I hope this additional investigation is helpful for addressing the issue.
@toga4 Thank you for reporting this issue, and for your thorough and detailed analysis. We will prioritize a fix.
@toga4 After investigating this issue a bit, I am not certain that the current implementation default (using the dns
scheme instead of passthrough
) is detrimental to all users in all environments. As I understand it, the passthrough scheme, being quite literal, prevents users from benefiting from client-side load balancing across all DNS results for an address. The dns scheme, despite the initial slowdown observed, supports such load balancing.
Will it work for you to use grpc/resolver.SetDefaultScheme("passthrough")
to improve latency in your test (emulator) environment, and take a wait-and-see approach to evaluating performance in production environments such as GKE?
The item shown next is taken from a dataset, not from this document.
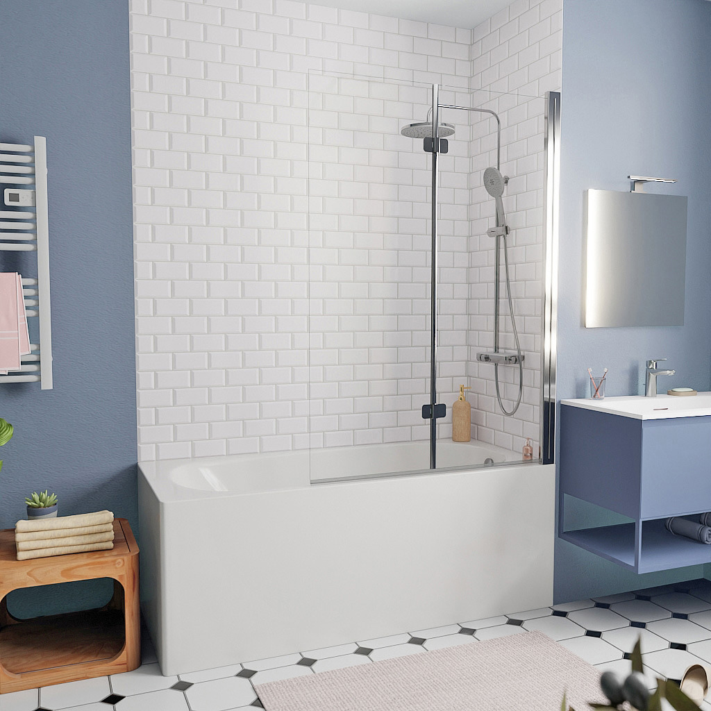 - Swiss Aqua Technologies Pare-baignoire pliable, 2 parties, en verre, 150x105cm, Chrome (SATVZSKNEW105)

@quartzmo Thank you for considering about this issue.
You’re absolutely right that some environments could benefit from the client-side load balancing benefits using the dns scheme.
We can take the approach you suggested. Additionaly, I’ve confirmed that using passthrough:///localhost:9010
instead of localhost:9010
in the SPANNER_EMULATOR_HOST
environment variable ensures that the passthrough scheme is applied. We’ll proceed with this solution for now.
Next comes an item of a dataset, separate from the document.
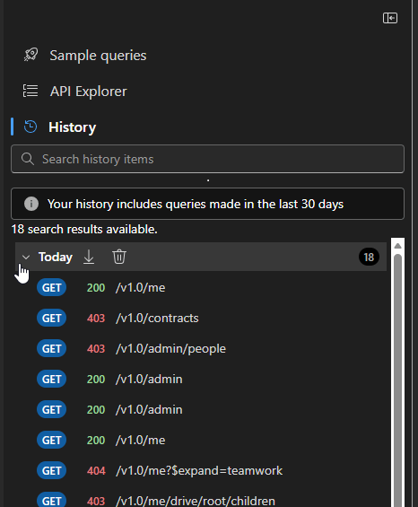 All queries you run in Graph Explorer are saved for 30 days in the History tab. Here we can export all items, delete, run a query etc.

When using the emulator, I think the benefits of client-side load balancing are limited in most cases. It might be worth considering a change where the passthrough scheme is used by default when the emulator is detected and no scheme is specified in the endpoint configuration.
That said, I understand that there are several places in the SDK source code where the emulator is detected, so implementing this change might require updates across multiple locations...
It might be worth considering a change where the passthrough scheme is used by default when the emulator is detected and no scheme is specified in the endpoint configuration.
Thanks for this suggestion! We will investigate it and leave this issue open to track it.
@harshachinta Per the decision above to address this issue by changing the default scheme of the host to passthrough
ONLY for the Spanner library emulator support, I believe this work will be best handled by your team. I will communicate the suggestion to maintainers of the other vertical client libraries that also support emulators with gRPC.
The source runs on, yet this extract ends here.